I have some incredible and amazing male friends in this business. There are some that became role models and there were those that weren’t acting in my best interest and reinforced the “good ‘ol boys club”. It took time and life experience to get clear and comfortable with the fact that I do not tolerate conscious or unconscious bias.

JAY: I’ve long-known that some of our readers go right to the question about ‘life outside of work’ because the answer usually fills in the gaps on what is known about our interviewee. In other words, people are nosy! You keep yourself busy in your leisure time with hobbies, volunteer work and family commitments. Talk about this.

TEAGUE: Having four kids has kept me busy. You know about Peighton. My oldest son, Wilson, 26, is attending Columbia after being an Air Rescue Swimmer in the Navy. Eli, 18, and Tripp, 17, are finishing their junior years in High School. Tripp will attend college after high school and Eli plans on becoming an aviation mechanic by way of trade school when he graduates. Eli was adopted from China at the age of 4 1/2, with significant challenges. That, in and of itself, is worthy of storytelling for another time. For now, I’ll just say that “To whom much is given, much is required.” This was the premise of our adoption, and I can say that 14 years later, Eli has given more to us than we could have ever imagined giving to him.

My greatest accomplishment and joy are my children. Anything good I have done in my professional and personal life has been for the betterment of them. Their Dad is a wonderful father, and we work hard to make sure our kids know how loved and supported they are by both of us.

I am also a huge dog lover, have rescues and I work as a foster for dogs, volunteering from time-to-time at a local shelter. I sponsor several women in recovery and play as much tennis as possible on various USTA teams. I am also on an over 30 women’s soccer team.

I am a terrible cook and I love cupcakes. My happy place is Sea Pines on Hilton Head Island where I find sand dollars at low tide like a pro!

JAY: I know I certainly won’t be challenging you to a tennis match, Teague. But if you’re up for eating cupcakes, give me a call!

For the restaurant question, I must insist that you name at least one restaurant and dish from your hometown. I made two business trips nearby over twenty years ago and, both times, was taken to the Olive Garden. I feel I was robbed of a culinary experience! Without naming a steakhouse or a steak dish, where should I eat and what should I order?

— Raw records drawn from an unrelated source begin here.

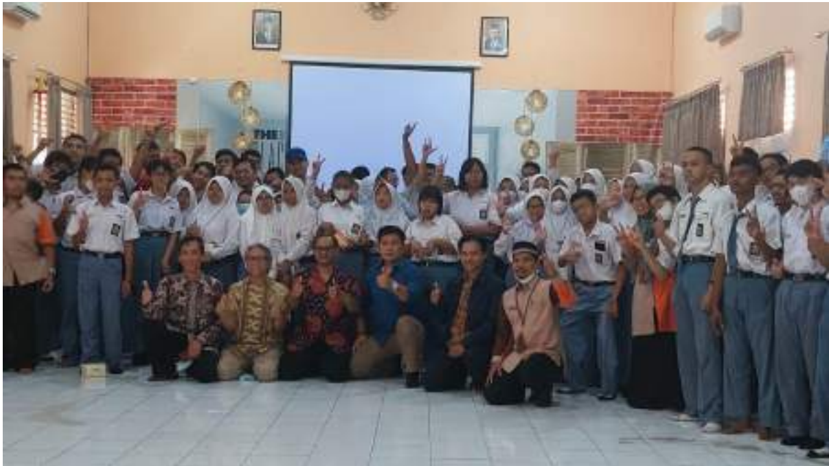
Berfoto bersama dengan para peserta SLB Negeri Kota Semarang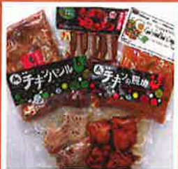
唐揚げ、焼き鳥製品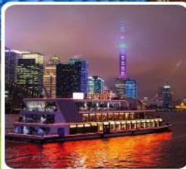
ล่องเรือแม่น้ำหวงผู่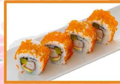
N102. California tobiko (surimi, pepino, aguacate, nabo japonés y huevas pez volador) - 4 PZ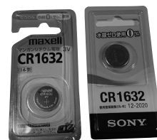
コイン型リチウム電池 主に小型電子機器に使用されており、ボタン電池より薄

○充電式電池(小型充電式電池) デジタルカメラ、コードレス電話(子機)、電動工具等に使用されているニカド電池、ニッケル水素電池、リチウムイオン電池は、小型充電式電池になりますので、充電式電池回収協力店(一般社団法人JBR Cが指定する店舗、ホームページで店舗検索可能)にあるリサイクルボックスに金属端子部分を絶縁の上、出してください。 充電式電池各種のリサイクルマーク Ni-Cd ニカド電池 Ni-MH ニッケル水素電池 Li-ion リチウムイオン電池 リチウムイオン電池の一例 充電式電池各種のリサイクルマーク 充電式電池各種のリサイクルマーク 充電式電池各種のリサイクルマーク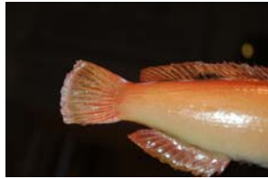
10-2- 8/7 coquette poisson osseux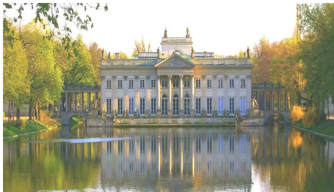
Рисунок 2. – Дворец «Лазенки» в Варшаве

даря этому в удаленных местах Беларуси, Украины и Литвы стали возводиться копии королевских резиденций Польши.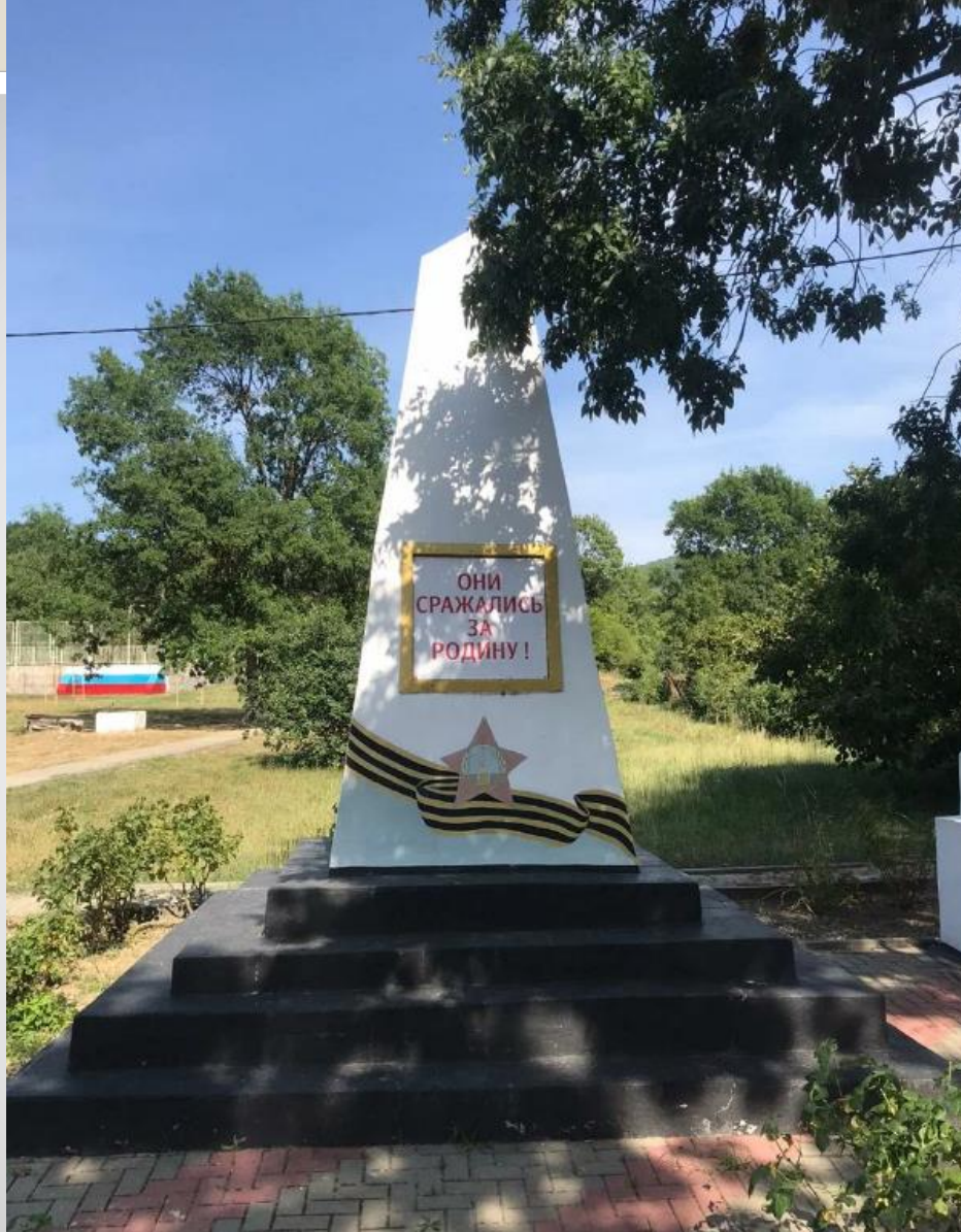
Братская могила 4-х летчиков в селе Береговое на территории школы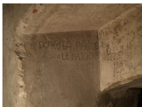
Dawny areszt MUBP przy ul. Kapucyńskiej w Krakowie.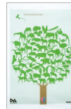
LOVE YOUR EARTH COMPETITION 2nd prize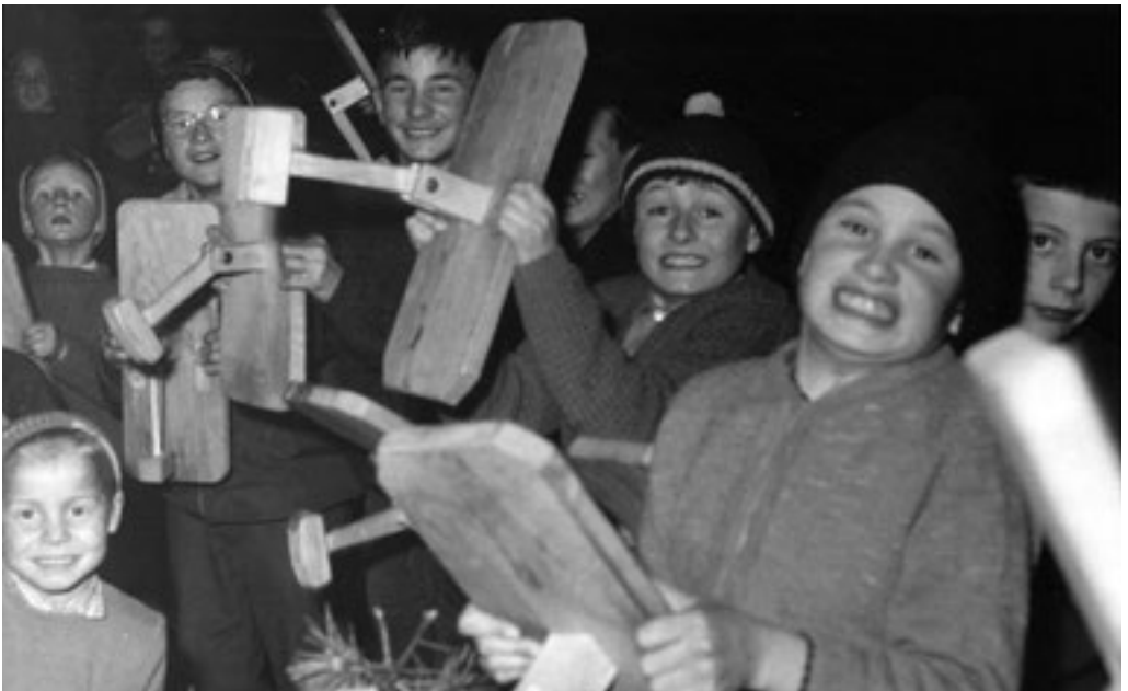
Anni 60

Per il gruppo Tableck: Andrea Pedrini, marzo 2021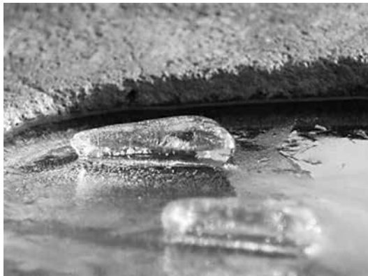
神の玉坐 スフィンクス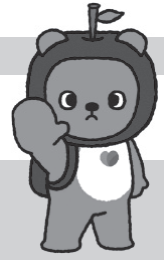
長野県PRキャラクター 「アルクマ」 ©長野県アルクマ

令和7年6月11日に、カスタマーハラスメント対策の強化等を盛り込んだ改正労働施策総合推進法が公布されました。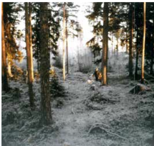
Nässkogen 1972 från Vallonias eller ämbetshusets tomt. I bakgrunden på bilden höghusen vid Olavsvägen.

TEAGUE: To start your day, go to our local coffeehouse, Cornerstone, where you should order the avocado toast and coffee.

When I owned a women’s fitness center along the way, my subtenant was Chris, also known as Chalit, and he opened Chalit’s, a Thai bistro. It is superb and enjoyed by many in my hometown, Mechanicsburg, Pennsylvania. If you ever go or come to see me, I’ll take you. We'll have summer rolls and eggplant and Thai basil stir fry with chicken and brown rice.

Then, across the street, there is a new Italian bakery, La Bella Sicilia Bakery & Gelateria, where they make their own homemade gelato. Limoncello is my favorite!